Najwyższy czas: Какую позицию в отношении России следует занять? В последнем интервью нашему изданию Вальдемар Лысяк (Waldemar Łysiak) заявил, что установка Януша Корвин-Микке (Janusz Korwin-Mikke), за которую его критикуют, называя пророссийским политиком, — это реальная политика.
Рафал Земкевич (Rafał Ziemkiewicz): Я не хочу разбирать различные высказывания Корвин-Микке, я слышал разные вещи. Такие, которые я считаю разумными, и такие, которые, как мне кажется, исходят из ложных посылок.
— Но ведь когда кто-то произносит слово «Россия» начинается паника?

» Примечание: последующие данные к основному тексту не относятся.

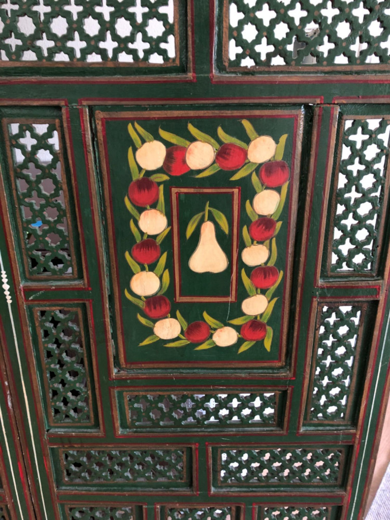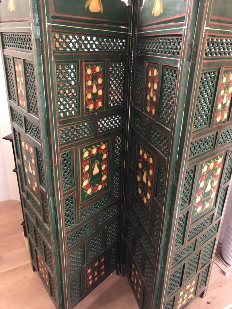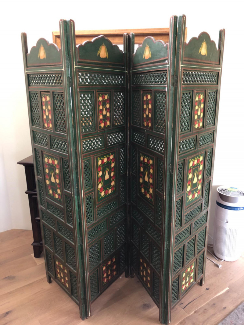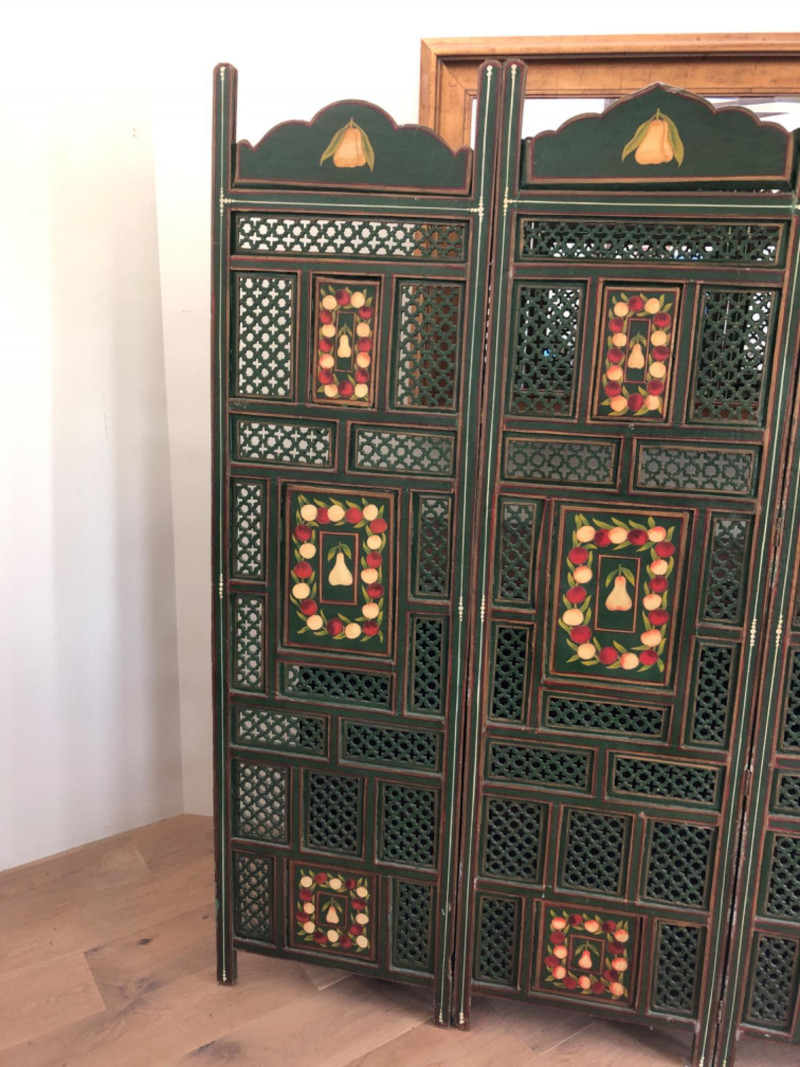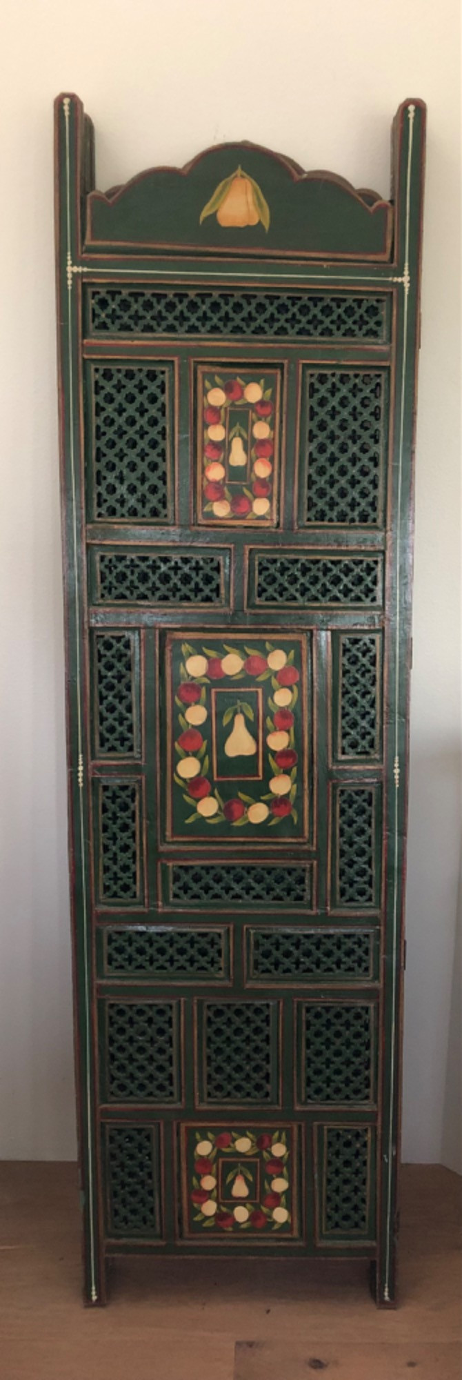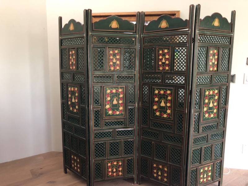 Add warmth and whimsy to any space with this hand-painted wooden room divider, featuring a charming fruit motif across its panels. Measuring 80 inches in length and 72 inches in height, this substantial piece offers both visual impact and practical function—ideal for defining spaces or serving as a decorative backdrop. The artwork evokes a rustic, farmhouse feel with painterly detail and vibrant tones. Material: Solid wood Design: Hand-painted fruit motif Dimensions: 80" L × 72" H Style: Rustic / Farmhouse / Folk Art Perfect for collectors, decorators, or anyone seeking a statement piece that blends utility with artistic charm.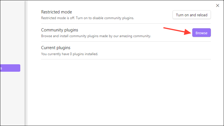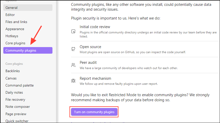 - Click on 'Community plugins' on the left before clicking on the 'Turn on community plugins' button. You can skip this step if you've already enabled it.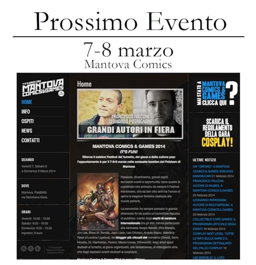 Cari amici e appassionati di fantasy, si apre la stagione degli eventi con il fantastico Mantova Comics.Allo stand con me ci saranno gli autori Marta Leandra Mandelli, Simona Cremonini e Roberto Fontana, insieme agli illustratori Luca Donnarumma e Paolo Linetti.Saremo nella parte centrale del padiglione di fianco allo stand della PANINI e della BONELLI. Cos'altro dire se non VENITE A TROVARCI, vi racconteremo le nostre storie.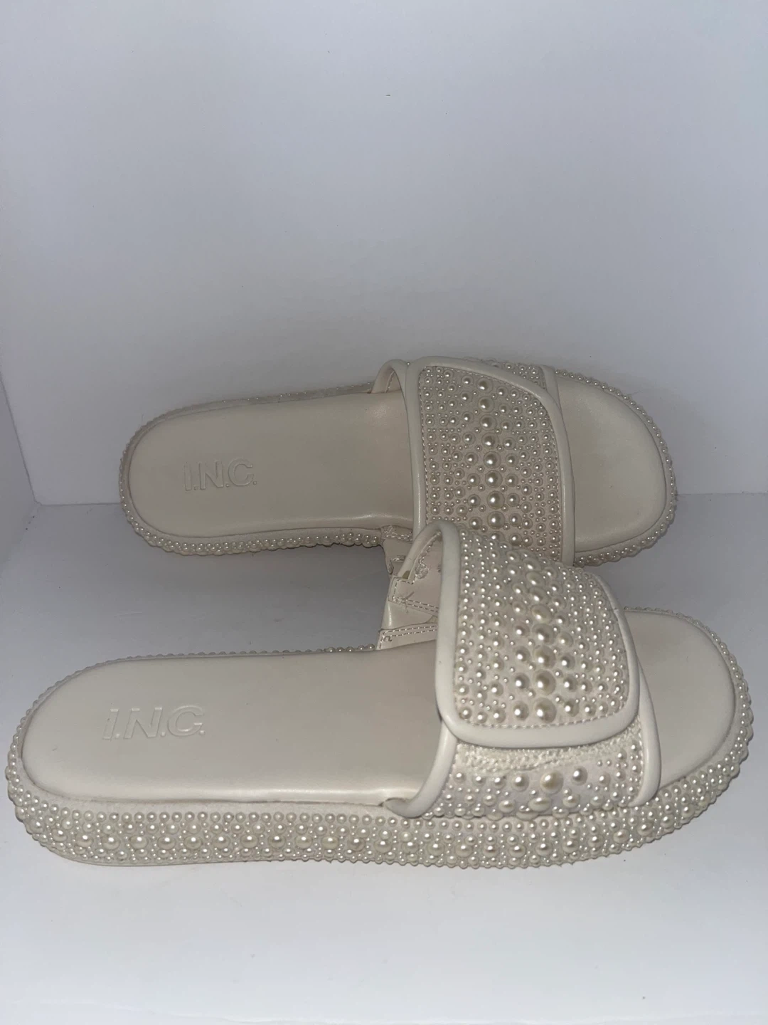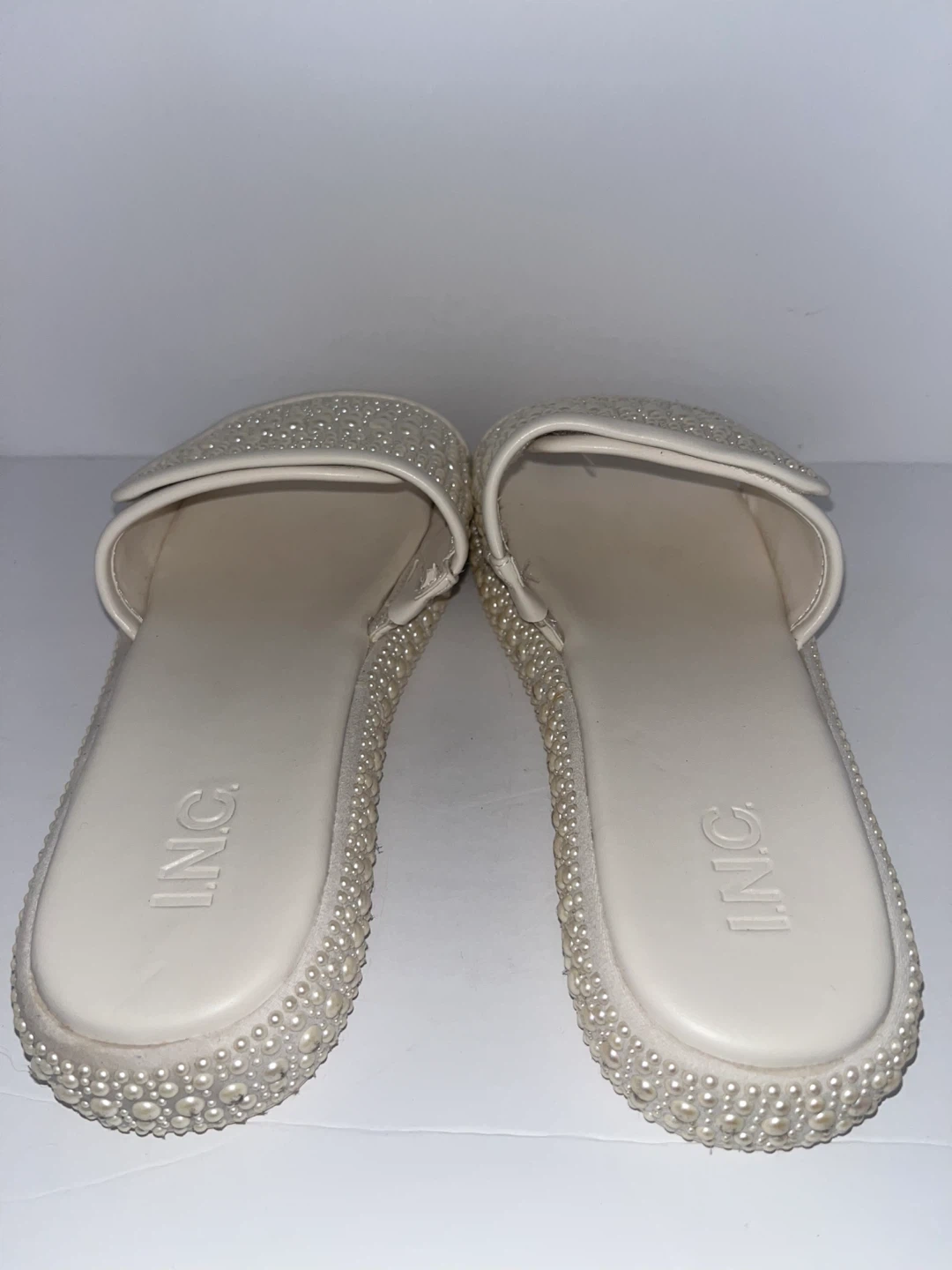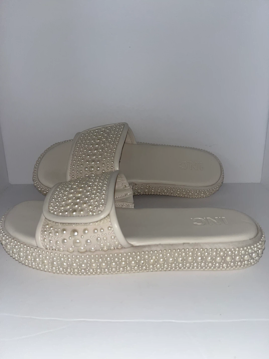 15These INC slide sandals are perfect for adding a touch of elegance to your casual outfits! They feature pearl embellishments that give them a unique and stylish look. They are in great condition and ready for a new home!
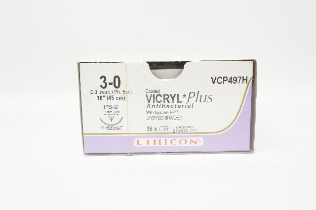 Ethicon VCP497H 3-0 VICRYL Plus PS-2 19mm 3/8c Reverse Cutting 18in.
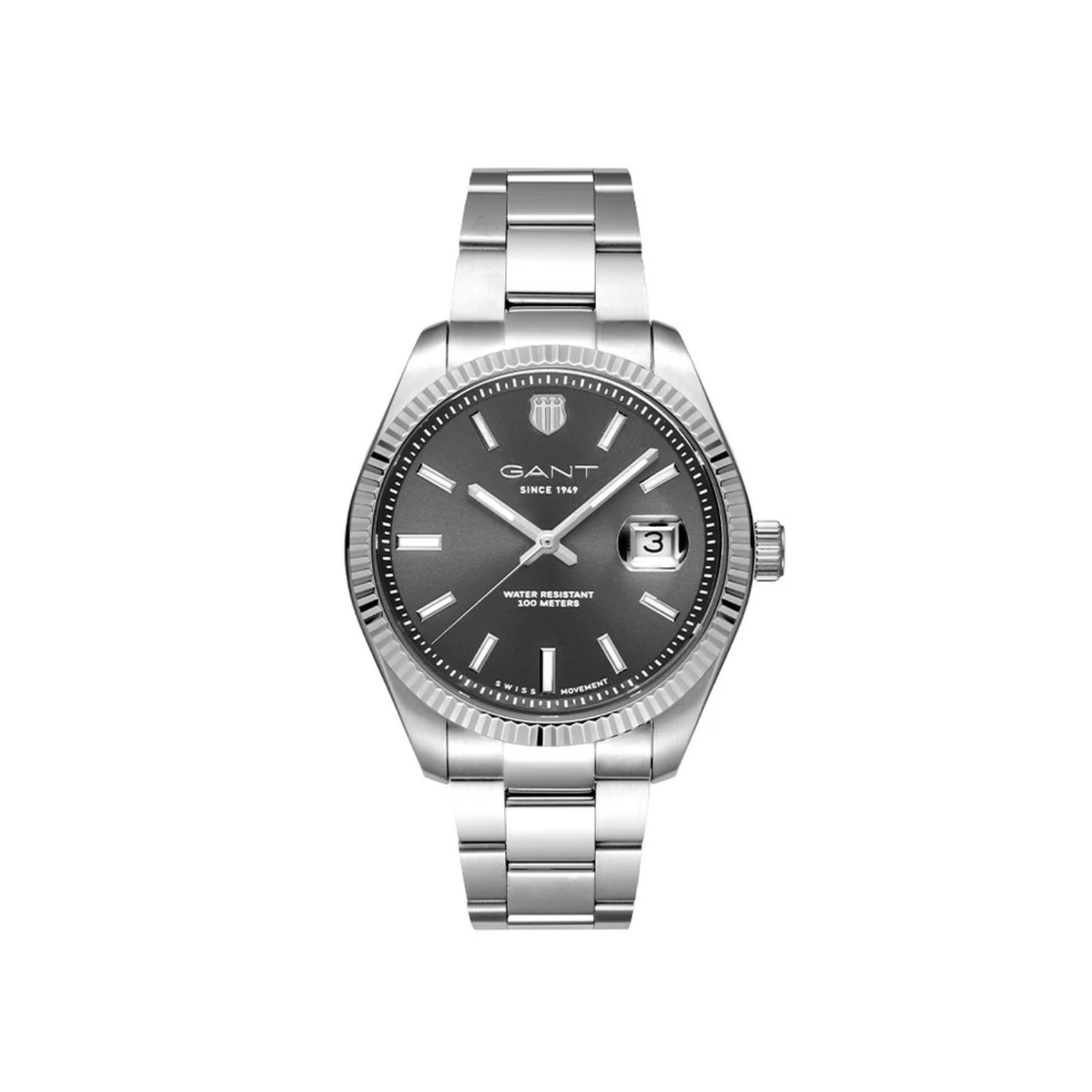 Denne modellen har en elegant 3-ledds lenke i rustfritt stål og en moderne grå urskive med datovisning og sølvfargede indekser. Et ripefritt safirglass beskytter urskiven og gir tydelig og klar avlesning år etter år. Klokken er vanntett til 10 ATM.

— Как писал Роман Дмовский (Roman Dmowski) (польский политический деятель и публицист (1864-1939), — прим.пер.) бывают патриоты, которые больше ненавидят Россию, чем любят Польшу. Это эффект разных исторических событий. Нечто такое не заслуживает культивирования и уважения. Нельзя надеяться и на то, что агентуры влияния остаются пассивными: россияне платят, чтобы заграницей в интернете озвучивали пропутинские мнения. Они могут делать это и у нас. Однако предположим, что те, кто называют свою позицию в отношении России рациональной, реалистичной и опирающейся на трезвый расчет, искренни. Они очень часто ведут себя истерично. В них бурлят антиамериканские или антиеврейские эмоции, они часто ссылаются на традиции националистического движения, а одновременно на некую славянскую общность. Сложно найти что-то более чуждое Дмовскому, чем бредни о славянском единстве крови, которая должна удерживать нас в общности с россиянами. Между русофобией и русофилией следовало бы вставить какую-нибудь русотрезвость.
— Но как?
— Это узкое поле, действовать на котором нужно аккуратно. Мне очень близко высказывание профессора Ежи Помяновского (Jerzy Pomianowski). Он говорил, что если бы в Польше было российское лобби, он бы первым туда записался. Но в Польше существует лишь советское лобби. Можно даже назвать его имперским. Традиция сталинизма слилась с традицией путинизма, создав дискурс, в котором Советский Союз был не родиной пролетариата, а просто российской империей с несколько иной символикой и несколько иными наименованиями. Это противоречит истории, но так думают сейчас россияне. Сталин считается хорошим царем, который победил немцев и распространил русское влияние на огромную территорию. Такой вариант идентичности не оставляет нам выбора: он направлен против нас, и не оставляет Польше никакого партнерского места. Пока Путин или кто-то того же покроя управляет российской политикой, мы обречены на политическую оборону от России. Однако реализм подсказывает: «дольше живет монастырь, чем его настоятель». Путин не вечен, в России может появиться центр силы, у которого будет для нас какое-то разумное предложение.
— Что вы имеете в виду?
— Если размышлять в чисто теоретических категориях: хорошие польско-российские отношения, усиливающие нашу позицию в игре с западной Европой, в особенности с Германией. Нам не следует упускать из поля зрения такие возможности и впадать в истерику, как это случается со многими людьми на правом фланге. Там превалирует принцип, что лучше сжать в кулаке раскаленное железо, чем пожать руку русскому.
— В каком русле следует сейчас вести реальную политику в отношении России?
— У нас есть три подхода. Наивный дискурс «салона» — дискурс «друзей-москалей», который полностью себя скомпрометировал. Есть повстанческий дискурс, в котором больше ненавидят Россию, чем любят Польшу. Если националистический дискурс, который по эмоциональным причинам подвергается резкой критике, как делает это Вальдемар Лысяк. Дмовский ни в малейшей степени не был русофилом. Он просто произвел логичный анализ, в котором объяснял, почему для Польши Германия опаснее России. Он объяснял, почему, сидя между двумя врагами, лучше стараться придти с одним из них к соглашению, и обрисовывал соглашение с Россией, как более выгодное в обстановке тех лет. Этот анализ остается в значительной мере актуальным. Следует его усвоить и постараться не руководствоваться в этой сфере эмоциями. Если слушать эмоции, нам придется одновременно объявить войну и Германии, и России, а потом в очередной раз геройски в ней погибнуть, что у нас всегда получалось лучше всего.